--- DATA PROVIDED ---

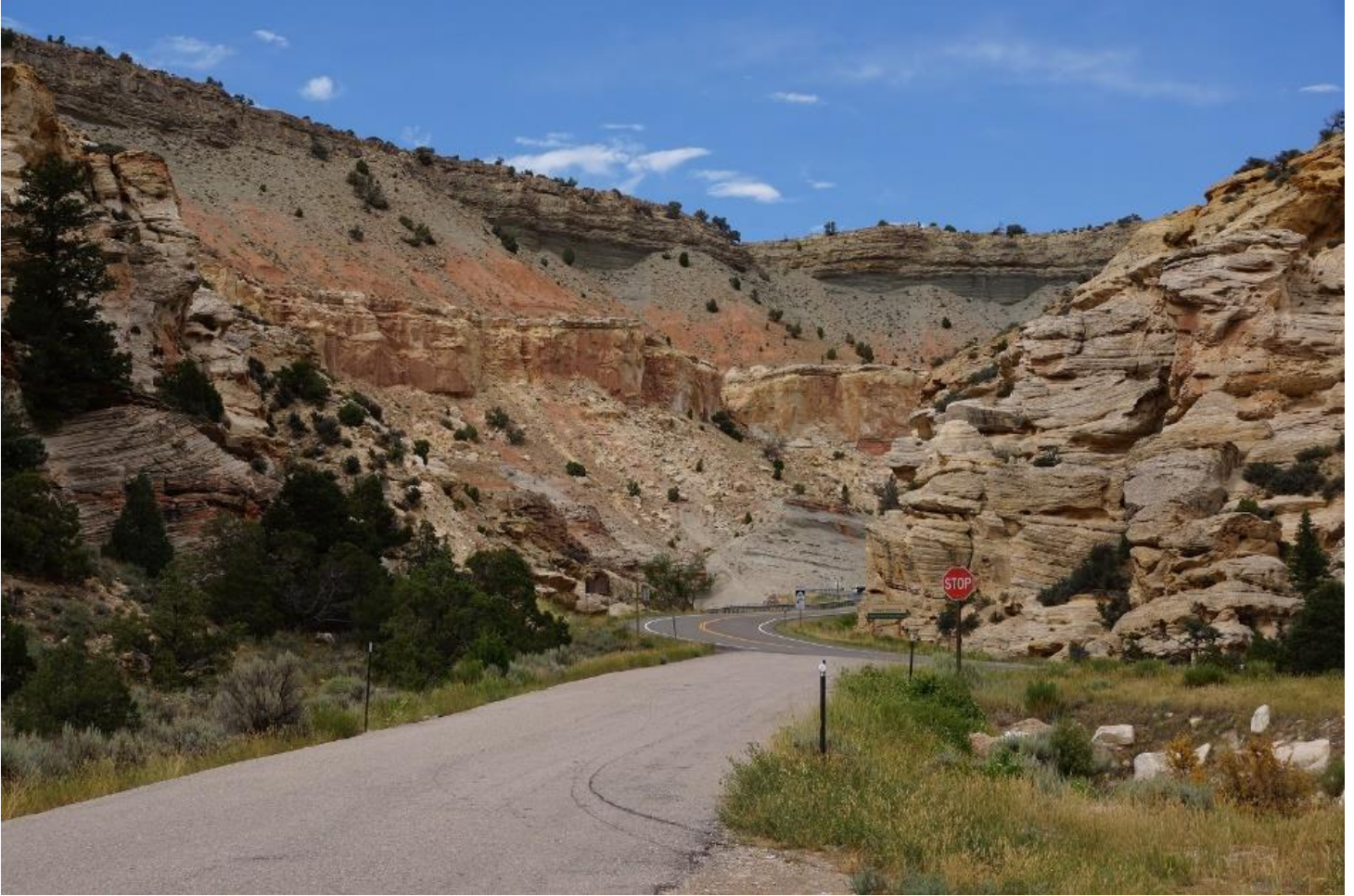
The drive around the reservoir has many deep red canyons.
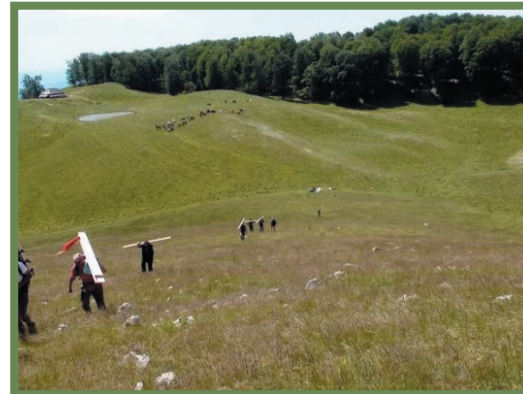
“transportation” of the new materials up the mountain

The result is a mountain shelter permanently open for tourists, with a capacity of 20 places in bunk beds, in two rooms (3.5x3 m and 3.5x4.5 m) and a porch (3.5x1.5 m). Inside the shelter a small information spot was created, where visitors can use the touristic guide and map of the park and other informative material. We also prepared a guestbook and questionnaires for tourism monitoring that visitors can fill out, thus helping to improve the touristic infrastructure inside the park.
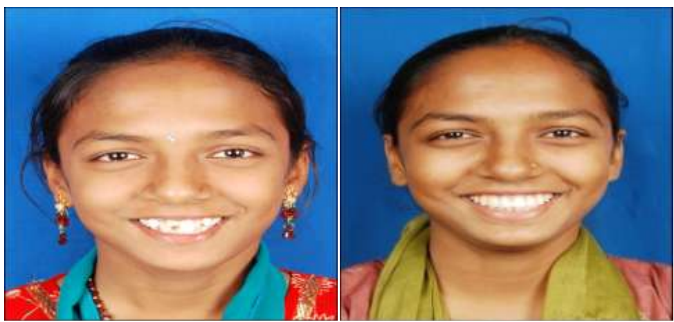
PRE-TREATMENT SMILE POST-TREATMENT SMILE C.ORTHODONTICS-RESTORATIVE DENTISTRY TEAM-WORK CASE-1; AESTHETIC BUILD-UP OF PEG-SHAPED LATERAL INCISOR BY COMPOSITE-
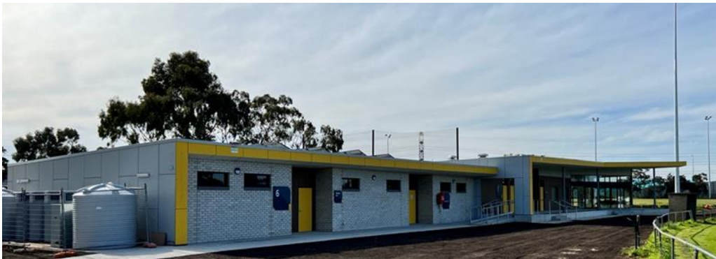
Figure 1: New WLJ Crofts Reserve Pavilion

Funded works in the package are now close to completion with the new sporting pavilion at WLJ Crofts Reserve (Figure 1) and the W&M Couch Pavilion at Donald McLean Reserve now complete and open for use by the sporting clubs. The final landscaping and open space improvement works at these two reserves will be completed in coming months.
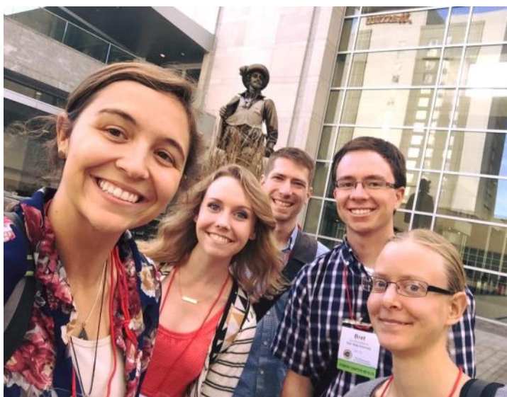
Utah State University students at TWS's Conference in Raleigh
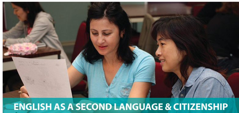
ENGLISH AS A SECOND LANGUAGE & CITIZENSHIP
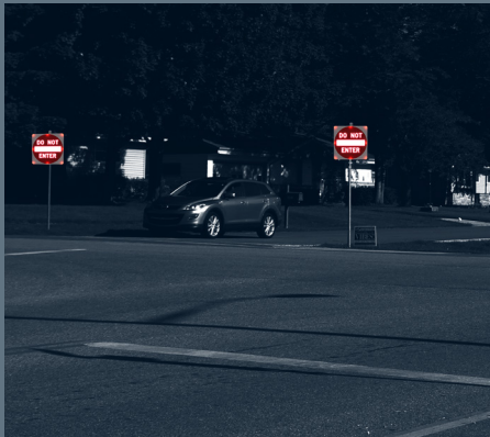
PERPENDICULAR OR OFFSET ANGLES
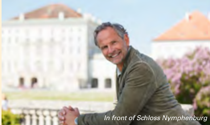
In front of Schloss Nymphenburg

Then turn down the first street on the right, Barer Straße , and you'll find yourself in the very centre of Munich's Kunstareal art district. Head right onto Gabelsberger Straße , passing by the 4 Pinakothek der Moderne (Pinakothek of Modern Art). Turn left, cycling onto Türkenstraße and past the 5 Brandhorst Museum , before turning left again onto Theresienstraße. Crossing Barer Straße, then cycle past the 6 Neue Pinakothek and the Alte Pinakothek .
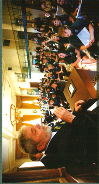
World Food Prize Foundation

– Student participant, World Food Prize Nebraska Youth Institute
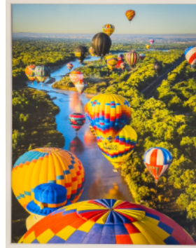
Color Digital, HM, by Emily Saile. See more HMs starting on p.12
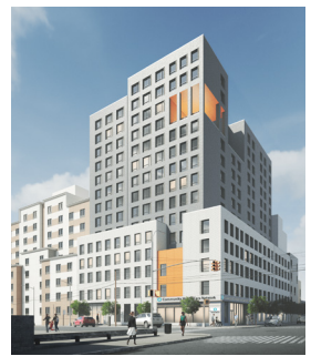
Jamaica Senior Residence Queens | 173 Units In Pre-Development
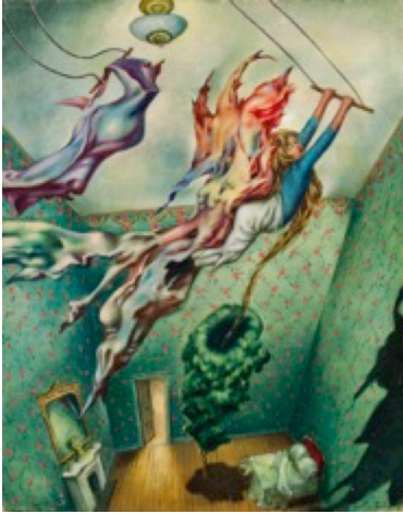
Dorothea Tanning, Avatar, 1947, oil on canvas, 14 x 11 in., Private Collection
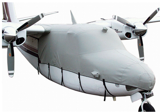
Canopy/Nose Cover (extends over top past leading edge)
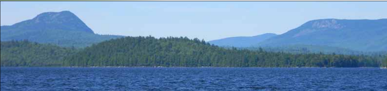
Peaks-Kenny State Park serves as a gateway to Maine's North Woods.
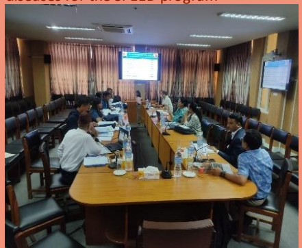
NMICS Meeting With UNICEF, NSO and PHRD Nepal
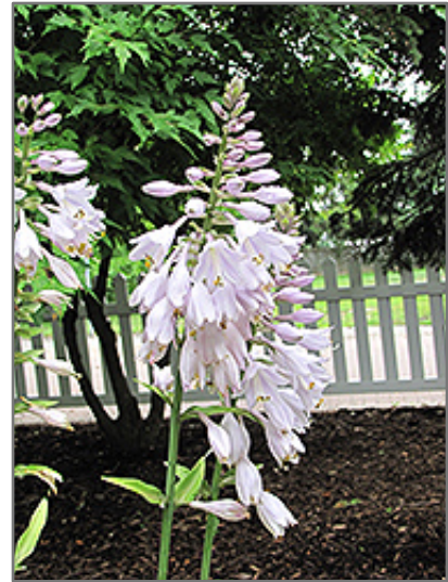
Key West Hosta flowers
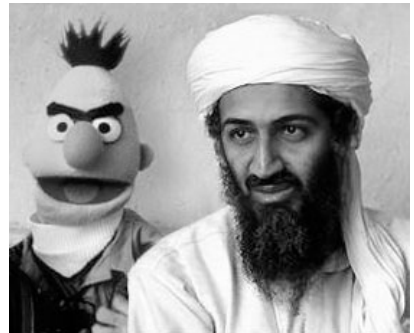
Fig. I.1. Dino Ignacio's digital collage of Sesame Street 's Bert and Osama Bin Laden.

CNN reporters recorded the unlikely sight of a mob of angry protestors marching through the streets chanting anti-American slogans and waving signs
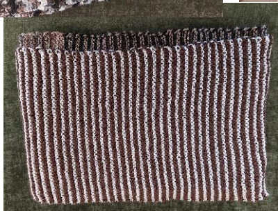
KOGO donations from last month's Olive Pesto Meeting
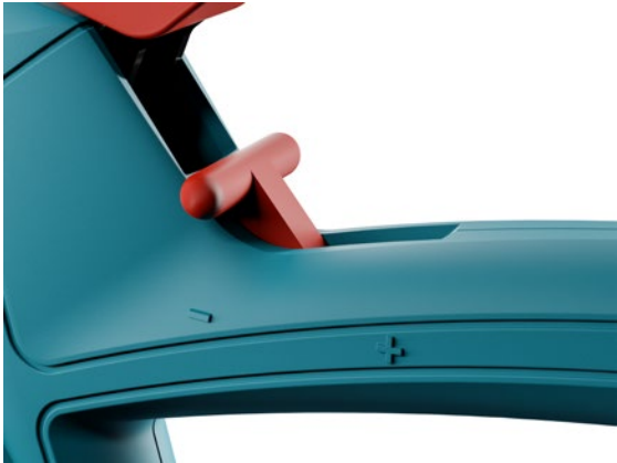
Guarantees the right impact power for every job, no matter whether you're fastening into hard or soft wood.
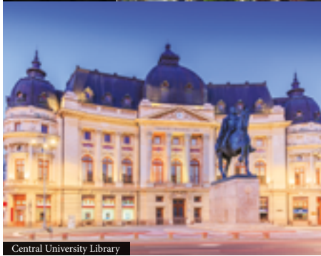
Central University Library
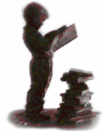
“The Bookworm” An original sculpture by Gary Price
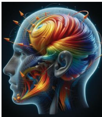
Fig. 4: Rotational impact

Rotational impact, often overlooked, is also a critical factor in head injuries (Fig. 4). It occurs when the head is subjected to both linear and rotational forces during an impact, causing strain and damage to the brain. The traditional hard hat design was not effective in addressing these rotational forces, leading to concerns about brain injuries.
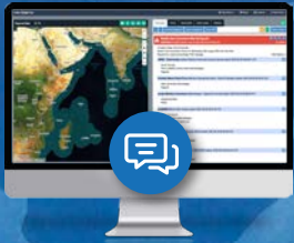
Multilingual messaging, chat, alerts (communication-oriented)
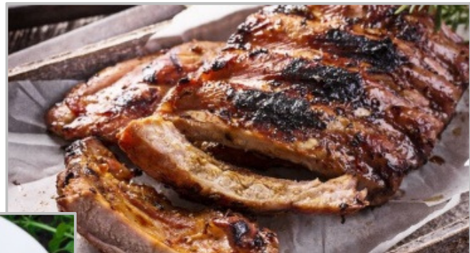
Chef's Secret Barbecue Ribs
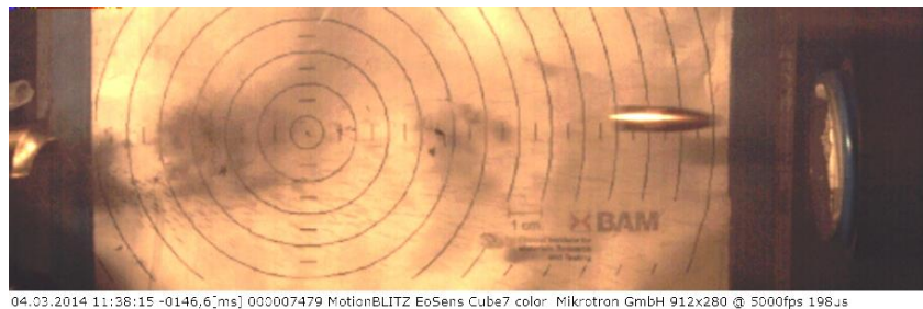
Fig. 2: Projectile at the end of the scale at t = 3.2 ms

Table 1 shows the energies of the projectiles of various cartridges determined by BAM

---

Starting at the line that contains "Peaks-Kenny State Park" and ending at the line that contains "Chef's Secret Barbecue Ribs", transcribe the material above exactly, excluding pictures.

Peaks-Kenny State Park serves as a gateway to Maine's North Woods.
NMICS Meeting With UNICEF, NSO and PHRD Nepal
Key West Hosta flowers
Fig. I.1. Dino Ignacio's digital collage of Sesame Street 's Bert and Osama Bin Laden.

CNN reporters recorded the unlikely sight of a mob of angry protestors marching through the streets chanting anti-American slogans and waving signs
KOGO donations from last month's Olive Pesto Meeting
Guarantees the right impact power for every job, no matter whether you're fastening into hard or soft wood.
Central University Library
“The Bookworm” An original sculpture by Gary Price
Fig. 4: Rotational impact

Rotational impact, often overlooked, is also a critical factor in head injuries (Fig. 4). It occurs when the head is subjected to both linear and rotational forces during an impact, causing strain and damage to the brain. The traditional hard hat design was not effective in addressing these rotational forces, leading to concerns about brain injuries.
Multilingual messaging, chat, alerts (communication-oriented)
Chef's Secret Barbecue Ribs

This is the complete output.